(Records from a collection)
============
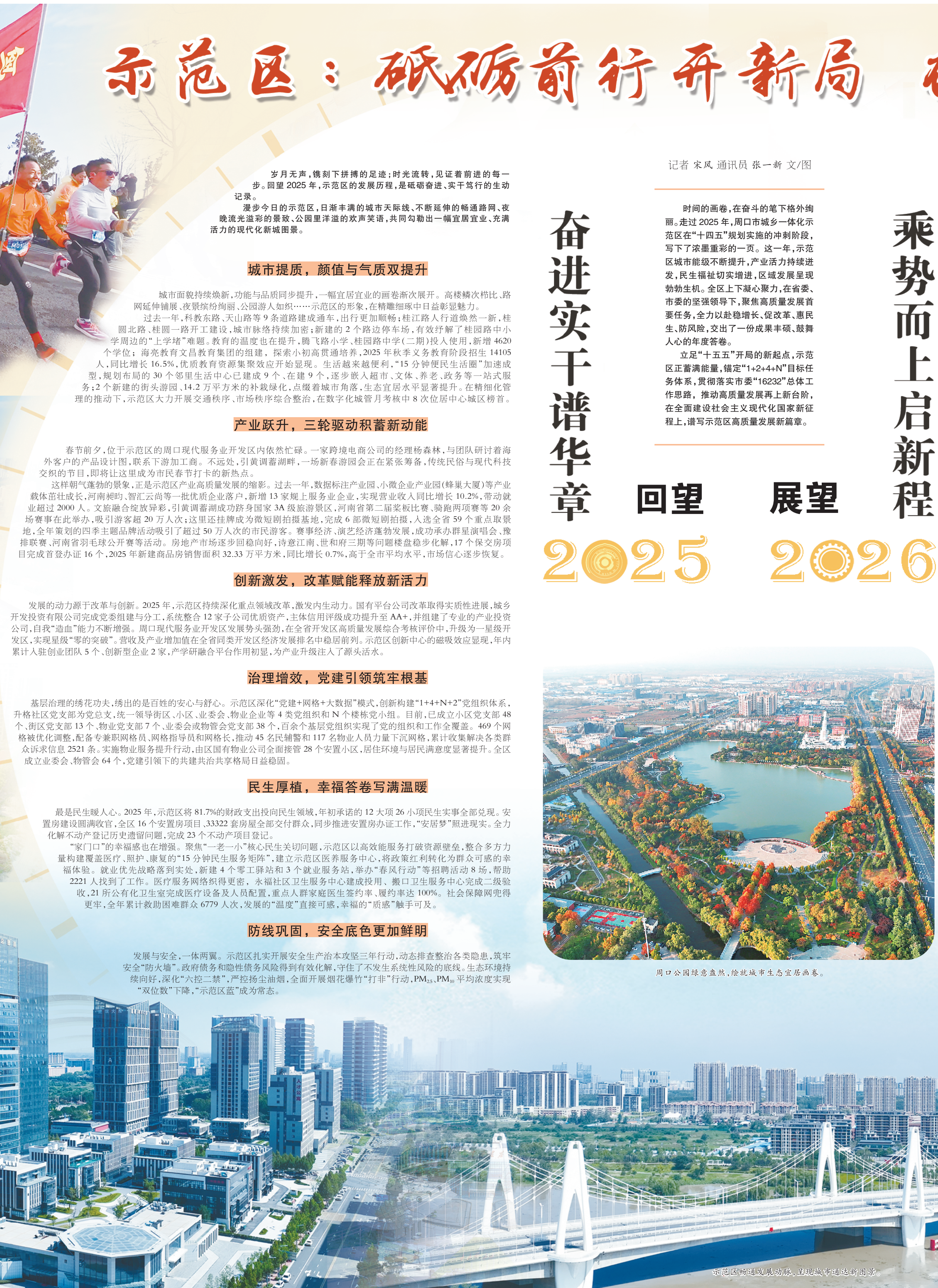
示范区街道纵横交错,呈现城市通达新图景。
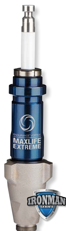
Endurance Vortex MaxLife Extreme 泵 泵杆使用寿命提升至原来的 3 倍 — 从而将拥有成本降至业内极低水平
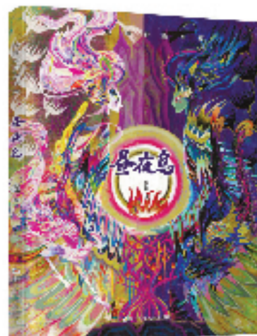
浙 《昼夜鸟》 封面
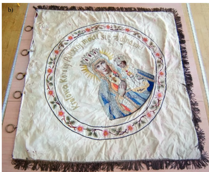
35. Sztandar Zjednoczenia Zawodowego Polskiego z 1922 r. a) awers, b) rewers
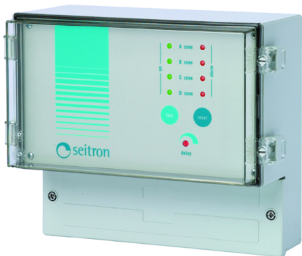
Рис.1 Внешний вид
============
[Task requirements] The entries should be reproduced word for word, pictures omitted.

[Response for this exercise]
示范区街道纵横交错,呈现城市通达新图景。
Endurance Vortex MaxLife Extreme 泵 泵杆使用寿命提升至原来的 3 倍 — 从而将拥有成本降至业内极低水平
浙 《昼夜鸟》 封面
35. Sztandar Zjednoczenia Zawodowego Polskiego z 1922 r. a) awers, b) rewers
Рис.1 Внешний вид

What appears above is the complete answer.